▶ WORK REQUEST: Each image should be skipped while the records are restated word for word.

▶ EXTRACTED MATERIAL:

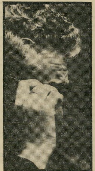
יו"ר יפת חזית אחידה

השקעות בקניית חברות. הביטוח ארוט קונה את הסנה, אוסם קונה את פרומין וכי, עיס קות אלה בתהליך המונופוליוזיה, מקיימות את שער-הריבית הגבוה. האשראי הבנקאי ניתן לחברות גדולות שמסוגלות לעמוד במחיר, וכדאי להן לקבל את האשראי. החברות האלה קונות את המוכן, אין כאן סיכון, אין זמן שדרוש להבשלת ההשקעה, אך אין גם
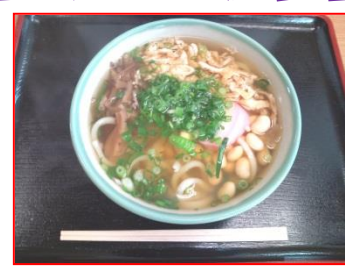
だいず えたじまし 大豆うどん(江田島市)
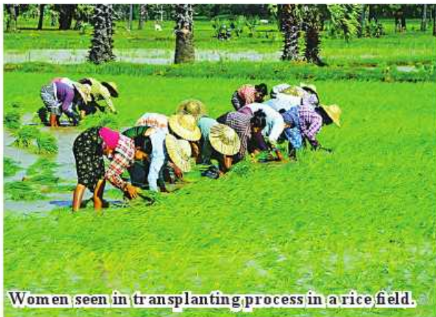
Women seen in transplanting process in a rice field.

More than K40 billion has been delivered to farmers from 23 townships in 2022—Amarapura, Patheingyi, PyinOoLwin, Madaya, Singu, Thabeikkyin, Kyaukse, Singaing, TadaU, Myittha, Meiktila, Wundwin, Mahlaing, Thazi, Myingyan, Taungtha, Natogyi, Ngazun, Yamethin, Pyawbwe, NyaungU and Kyaukpadaung townships. 185

▶ OUTPUT OF THE EXERCISE:
יו"ר יפת חזית אחידה

השקעות בקניית חברות. הביטוח ארוט קונה את הסנה, אוסם קונה את פרומין וכי, עיס קות אלה בתהליך המונופוליוזיה, מקיימות את שער-הריבית הגבוה. האשראי הבנקאי ניתן לחברות גדולות שמסוגלות לעמוד במחיר, וכדאי להן לקבל את האשראי. החברות האלה קונות את המוכן, אין כאן סיכון, אין זמן שדרוש להבשלת ההשקעה, אך אין גם
だいず えたじまし 大豆うどん(江田島市)
Women seen in transplanting process in a rice field.

More than K40 billion has been delivered to farmers from 23 townships in 2022—Amarapura, Patheingyi, PyinOoLwin, Madaya, Singu, Thabeikkyin, Kyaukse, Singaing, TadaU, Myittha, Meiktila, Wundwin, Mahlaing, Thazi, Myingyan, Taungtha, Natogyi, Ngazun, Yamethin, Pyawbwe, NyaungU and Kyaukpadaung townships. 185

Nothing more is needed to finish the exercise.